Performance across different models will be compared using `F1`. 

The F1 score is the harmonic mean of the precision and recall metrics (2 / 1/precision + 1/recall), and should be prioritised over accuracy when there is class imbalance in the dataset.

### Helper Function

In [None]:
def model_trainer(
        model, 
        X: np.ndarray,
        y: np.ndarray,
        param_grid: dict,
        validation_folds: int = 5,
        verbose: bool = True,
    ):
    """
    Automatically perform a grid search fitted to the given features and labels
    on an estimator, printing the mean cross validation score for all parameter
    setups and returning the best estimator.
    """
    print(f"{blue}Search Parameters:{reset}")
    for k, v in param_grid.items(): print(f"{k}: {v}")
    print(f"\n{blue}Validation Folds:{reset}\n{validation_folds}")
    print(f"\n{underline}{blue}Performing grid search...{reset}")

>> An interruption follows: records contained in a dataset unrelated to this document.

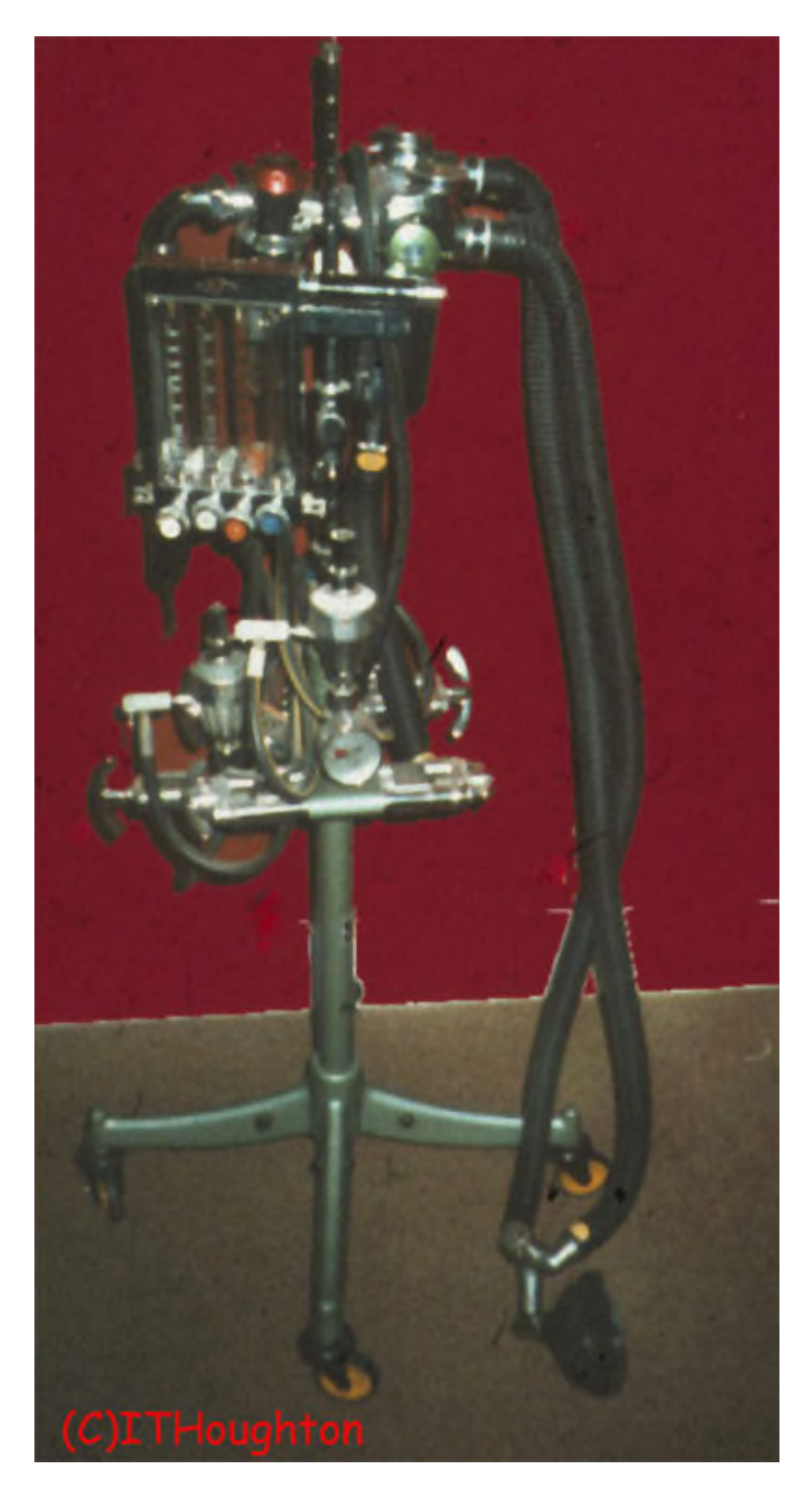
Figure 4. M and IE Services Transportable Model anaesthetic apparatus. An analysis of the anaesthetics given is recorded in a paper by Knight and Houghton (1981). I kept personal records of all my anaesthetics on my own forms as well as the official service record. Particular note was taken of induction and recovery times as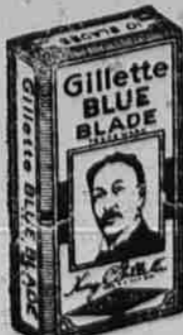
No package contains genuine "BLUE BLADES" unless it carries the portrait of King C. Gillette.

Incredible as this may seem—"BLUE BLADE" edges actually will cut glass. Hundreds of shavers accepted our recent invitation to prove this by test. Here is positive evidence of the "BLUE BLADE'S" amazing quality.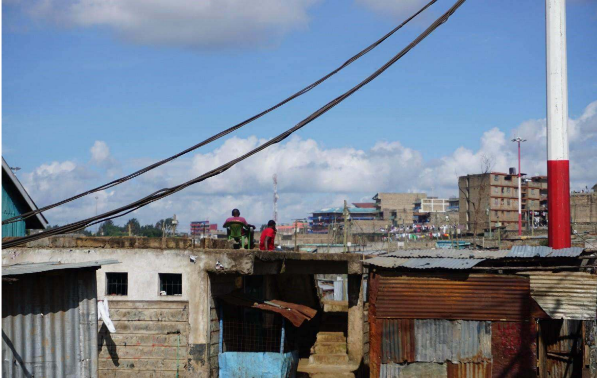
Figure 14: Members of Mzinduko sit on top of their office

Their overall belief for the project is that it will be good for the community, using quite a developmentalist discourse to back it up. As well as the roads that will improve accessibility in Korogocho, this group hoped that the provision of new housing will make it a more visited area of the city with more affluent residents of Nairobi wanting to do business here and bring opportunities (Mzinduko, Interview, 2018). The treasurer of their group had been placed in a plot with three others, but did believe that accessing a loan would not be too difficult or impose too many constraints (Mzinduko, Interview, 2018). There were tenants in their group, who had not been given plot titles. They did see their future in Korogocho however, and hoped that new business opportunities that would come with the slum upgrading program would compensate for the increased rent they would have to pay (Mzinduko, Interview, 2018).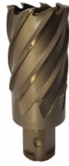
D932A HSS-Co (5% Cobalt) Drill Broach Cutter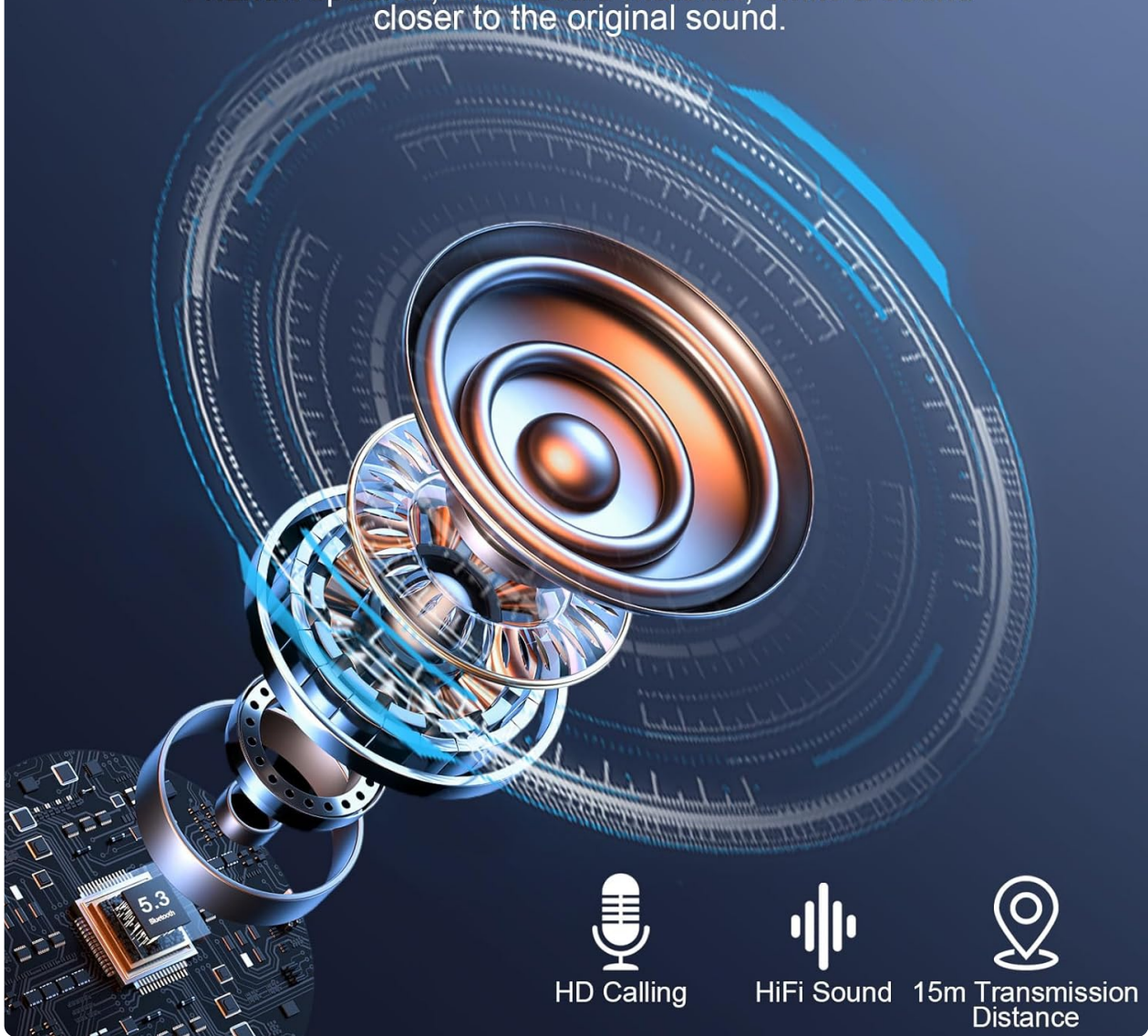
Image: A detailed diagram illustrating the internal components of the lukg BK07 earbud speaker, emphasizing the 14.2mm driver and nano-scale material for superior Hi-Fi stereo sound.

14.2mm speaker, nano-scale material, emits a sound closer to the original sound.

    # Perform grid search cross validation using parameter grid
    grid_search = GridSearchCV(
        estimator=model,
        param_grid=param_grid,
        cv=validation_folds,
        n_jobs=-1,
        scoring=["accuracy", "precision", "recall", "f1"],
        refit="f1",
    )
    grid_search.fit(X, y)

    # Print the results of the grid search
    if verbose:
        cvres = grid_search.cv_results_
        for i, (mean_f1, mean_pre, mean_rec, mean_acc, params) in enumerate(zip(
            cvres["mean_test_f1"], cvres["mean_test_precision"], cvres["mean_test_recall"],
            cvres["mean_test_accuracy"], cvres["params"])):
            print(f"\n{bold}{blue}{i+1}:{reset} {params}")
            print(f"    Mean F1 Score: {green}{round(mean_f1, 3)}{reset}")
            print(f"    Mean Precision: {green}{round(mean_pre, 3)}{reset}")
            print(f"    Mean Recall: {green}{round(mean_rec, 3)}{reset}")
            print(f"    Mean Accuracy: {green}{round(mean_acc, 3)}{reset}")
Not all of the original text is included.